Spaced out: P’Slope author writes crime thriller about Nigerian space program

Spaced out: P’Slope author writes crime thriller about Nigerian space program
Space man: Park Slope author Deji Olukotun with his new novel, “Nigerians in Space.”
Photo by Stefano Giovannini

When Deji Olukotun combined his two careers of law and literature, he came up with a crime thriller that is out of this world.

The Park Slope resident, now a writing fellow at the PEN American Center, was working as a refugee attorney in Cape Town, South Africa, when inspiration for his new novel, “Nigerians in Space,” struck.

The book tells the story of Nigerian lunar geologist who wants to steal part of the moon, an abalone smuggler, and the daughter of a freedom fighter, unravelling the mystery of how their lives and stories intersect. We caught up with Olukotun to find out how he dreamed up such a fantastical scenario from his office in Brooklyn.

Samantha Lim: How did working as a refugee attorney in Cape Town inspire your novel?

Deji Olukotun: Two of the characters are refugees living in the country, because that’s what I was doing for work.

SL: The book features a very colorful set of characters including an abalone smuggler. Is this based off a real black market in South Africa?

DO: Yeah! It’s a huge black market. I was researching crimes against refugees and came across this paper about abalone smuggling near Cape Town. It was so detailed and so rich. If you’re living in a little fishing village, it’s really hard to make a living. But if you get your hands on abalone, you can sell it for a lot of money … People also raise abalone in farms like with salmon farming. What I wanted to explore is, “What if you were really good at your job in one of these farms and you got fired? And you knew that a hundred yards away, you could walk into the water and make a lot of money?”
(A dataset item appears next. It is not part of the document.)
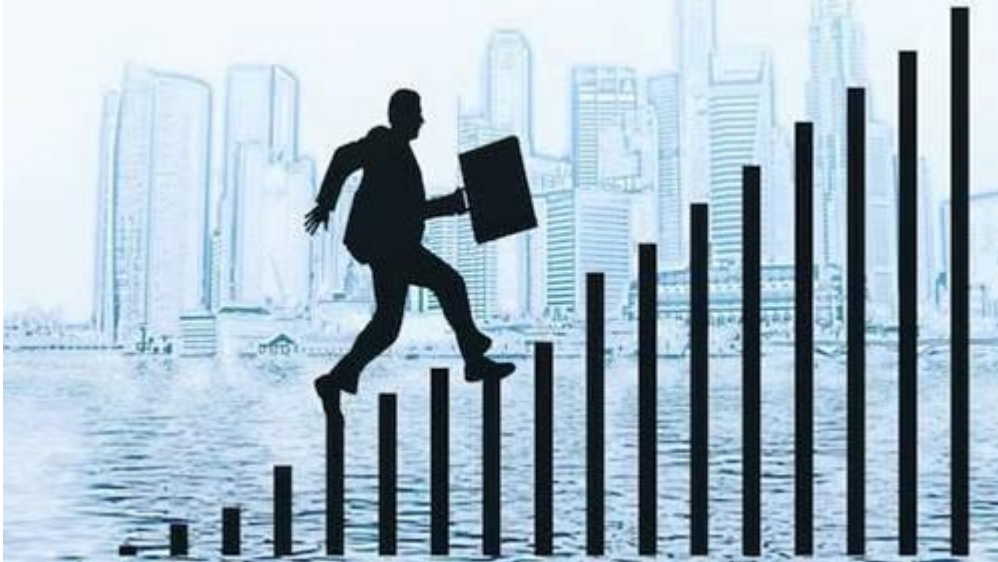
Gambar 1 : ilustrasi mobilitas sosial

https://www.seluncur.id/bentuk-bentuk-mobilitas-sosial/

SL: Explain the concept of “brain gain” that is addressed in the book?

DO: Someone mentioned it during a trip to Nigeria with my father and my brother. The idea is to take advantage of Nigeria’s diaspora community and have them bring back what they learn. “Brain drain” is basically the exodus of talent from Africa — people who are seeking better opportunities by going to Europe and the US. The person who brought up the idea of “brain gain” — clever word play, which I thought was very funny — said it kind of cynically, but also implied that we should take advantage of what our countrymen have picked up overseas. That informs a big chunk of my novel’s plot. This government minister in Nigeria invites a bunch of diaspora scientists to return to form a new space program.

SL: Is this where the mission to steal part of the moon comes in?

DO: Yes! It’s the most thriller part of the book. I don’t want to give too much away, but the idea is that he wants to see an act of commitment from everyone to show that they’re more than just happy to be there — that they’re actually invested in the program.

“Nigerians in Space” is available at Word Bookstore [126 Franklin St. at Milton Street in Greenpoint, (718) 383–0096, www.wordbookstores.com].